Wednesday, July 29, 2009

Age Is Just A Number, Right, Edna?

Sometimes I forget how old I am. Not in the sense of denying my age. I literally forget and have to do the math. This forgetfulness could be ascribed I suppose to the fact that I have never spent a lot of time in my absolute age group. In school, I was skipped ahead, so I was with kids older than myself. At family gatherings, I was always much more interested in what the adults were talking about than in playing with my cousins. Ok, I was not normal. It didn’t end there.

I started going to college part time in addition to high school when I was fifteen. For years, I was always the youngest one in any group I was in at school or at work. I’m not sure when that came to a halt, exactly, only that I begin to notice that people I was around were younger than me. That was shocking at first, but then grew into a bit of a satisfying state when younger people would ask me for advice and I could pretend that I actually knew anything. Was this how it really felt to be an official adult? I wondered, as I carefully kept up my façade of wisdom. Amazing, I thought, all I have to do is listen, then tell them what I think, and because I’m older and not their mother, all of a sudden I’m “really smart”. Adults have had a good gig all this time and I never knew!

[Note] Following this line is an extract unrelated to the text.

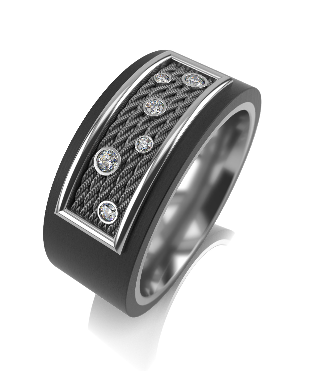 Особую оригинальность кольцу придает текстура на карбоне, которая свидетельствует об уникальном вкусе его обладателя.

I noticed all of this, but somehow my actual age was always this nebulous factor that I never really thought about. Birthdays would come. “So, how does it feel to be ______?” I got asked. “Umm… the same as it did yesterday?” I would answer, not sure how I was supposed to feel, but knowing I didn’t feel any different at all.

There have been moments of Oh My God, though. Like the time I was in the break room at a place I was working, and the cover of the AARP magazine someone had left on the table bore a brilliantly smiling Cheryl Tiegs. Yes, something in my chest did convulse for the briefest of moments. But I moved on, unaffected after that split second. Or the time more recently when I found myself referring to a person younger than myself as a “whippersnapper”. Whippersnapper? Where did that come from? Is there an entire vocabulary that suddenly springs forth from your mouth when you reach a certain age?

I used to tell my mother that I had this theory about old people and names. The theory was that people got names like Edna and Earl when they got old. They weren’t born with these names, one day they just were saddled with them, and everybody who knew them suddenly began calling them by those names as if they had always had them. My mother looked at me dubiously. “Well, think about it,” I said, “Do you know anybody named Edna who isn’t old? Or Earl?” She had to admit she didn’t. I remember smiling with the proof of my point.

A few days ago, I got notice that my 30th high school reunion is coming up. Thirty years? The word that comes most readily to mind is: eeeeeeek! I attended my tenth reunion. It was pretty uninspired. My then fiancé (who had not gone to the same school) summed it up by saying “You can already see who peaked in high school.” He was right.

I don’t remember what was going on when my 20th came around. In fact, I don’t even remember it coming around. So the 30th sneaked up on me and body checked me. In the same week, one of the whippersnappers I work with sent this email with a virtual jukebox containing the top 20 hits for several years from “back in the day”. The most “recent” collection is from 1979, the year I graduated. I looked at it. Sister Sledge’s We Are Family and My Sharona by The Knack. Donna Summer. Michael Jackson was just coming into his own. It all put me in mind of that lyric “ain’t it funny how time just slips away?” Funny. Strange. Never noticed it until I woke up feeling like part of me has been in an oblivious time warp while the other part was busily and actively engaged with the world.

They say that age is just a number. Why can’t I ever remember that number?

I wonder how soon it will be before I awaken to a new day with all the whippersnappers calling me Edna.